● **Your objective**
Everything from the line with "最后加一個(gè)滿天星的發" to the end of the entries should be set down exactly, except the pictures.

● **Material shown**
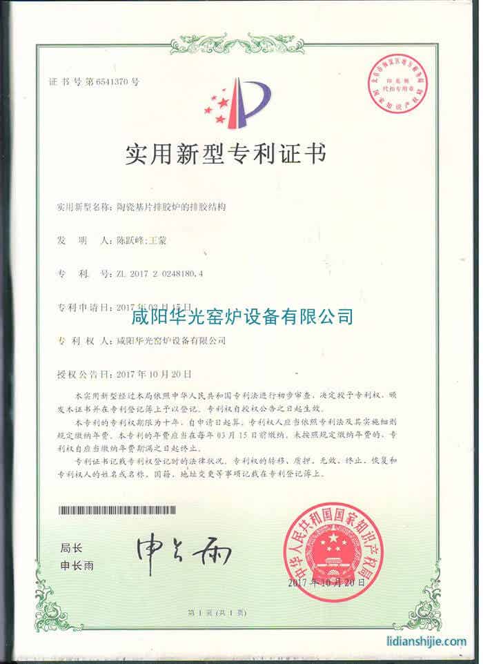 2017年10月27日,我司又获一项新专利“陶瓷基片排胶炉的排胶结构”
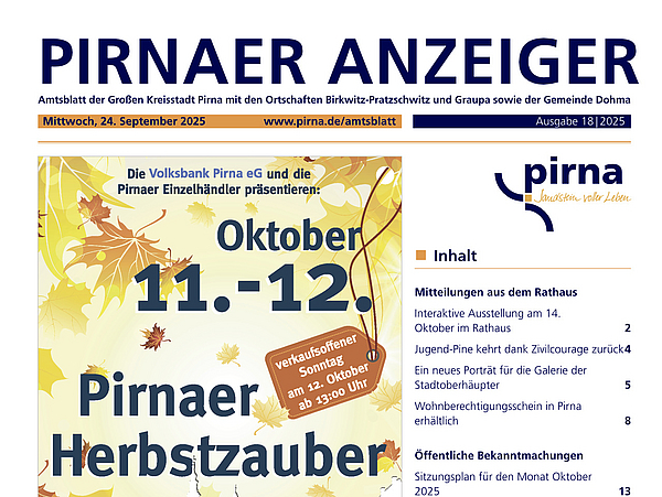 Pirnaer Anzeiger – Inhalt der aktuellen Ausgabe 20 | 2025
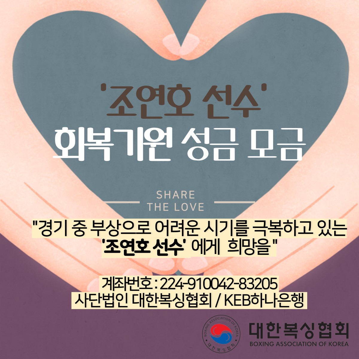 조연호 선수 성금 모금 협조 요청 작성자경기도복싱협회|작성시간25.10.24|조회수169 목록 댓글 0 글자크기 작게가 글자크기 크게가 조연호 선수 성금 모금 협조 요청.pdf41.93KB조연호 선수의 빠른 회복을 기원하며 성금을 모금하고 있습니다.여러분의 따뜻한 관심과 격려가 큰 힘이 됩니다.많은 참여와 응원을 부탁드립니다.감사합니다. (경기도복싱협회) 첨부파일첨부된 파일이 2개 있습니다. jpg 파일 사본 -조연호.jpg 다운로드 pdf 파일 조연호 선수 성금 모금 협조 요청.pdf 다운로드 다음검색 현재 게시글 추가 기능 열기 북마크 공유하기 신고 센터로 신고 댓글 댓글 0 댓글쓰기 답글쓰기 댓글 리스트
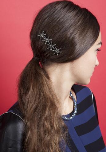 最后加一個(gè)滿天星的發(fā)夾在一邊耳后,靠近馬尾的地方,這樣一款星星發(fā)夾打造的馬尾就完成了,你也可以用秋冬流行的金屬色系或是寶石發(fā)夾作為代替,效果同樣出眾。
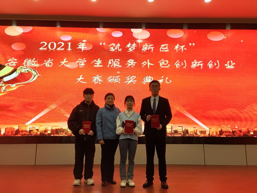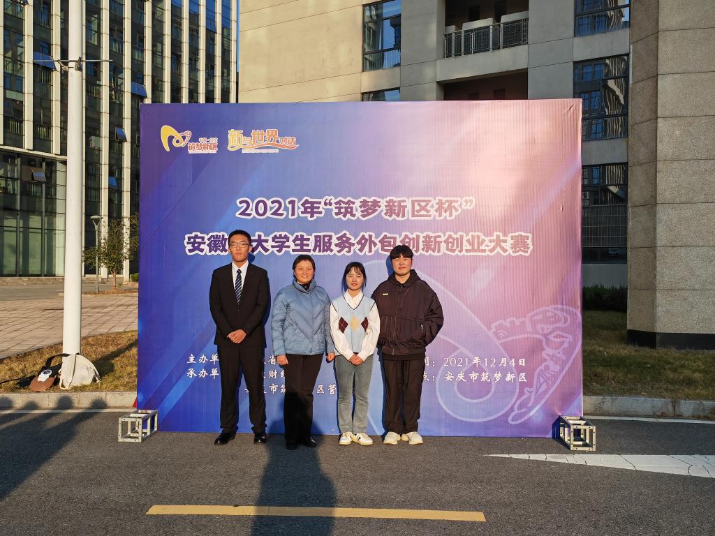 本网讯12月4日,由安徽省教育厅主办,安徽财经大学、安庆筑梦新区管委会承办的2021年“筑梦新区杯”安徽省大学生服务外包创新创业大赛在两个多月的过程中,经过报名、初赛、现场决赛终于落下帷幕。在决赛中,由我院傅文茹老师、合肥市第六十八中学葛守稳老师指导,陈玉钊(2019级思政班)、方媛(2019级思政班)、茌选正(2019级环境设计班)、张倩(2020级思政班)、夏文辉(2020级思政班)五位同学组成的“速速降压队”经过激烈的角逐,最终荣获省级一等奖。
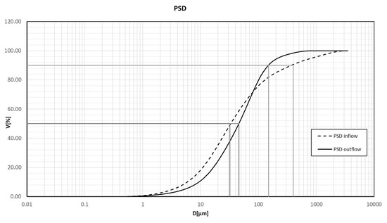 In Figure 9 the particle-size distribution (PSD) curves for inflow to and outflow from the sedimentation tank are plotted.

● **Solution to this exercise**
 最后加一個(gè)滿天星的發(fā)夾在一邊耳后,靠近馬尾的地方,這樣一款星星發(fā)夾打造的馬尾就完成了,你也可以用秋冬流行的金屬色系或是寶石發(fā)夾作為代替,效果同樣出眾。
 本网讯12月4日,由安徽省教育厅主办,安徽财经大学、安庆筑梦新区管委会承办的2021年“筑梦新区杯”安徽省大学生服务外包创新创业大赛在两个多月的过程中,经过报名、初赛、现场决赛终于落下帷幕。在决赛中,由我院傅文茹老师、合肥市第六十八中学葛守稳老师指导,陈玉钊(2019级思政班)、方媛(2019级思政班)、茌选正(2019级环境设计班)、张倩(2020级思政班)、夏文辉(2020级思政班)五位同学组成的“速速降压队”经过激烈的角逐,最终荣获省级一等奖。
 In Figure 9 the particle-size distribution (PSD) curves for inflow to and outflow from the sedimentation tank are plotted.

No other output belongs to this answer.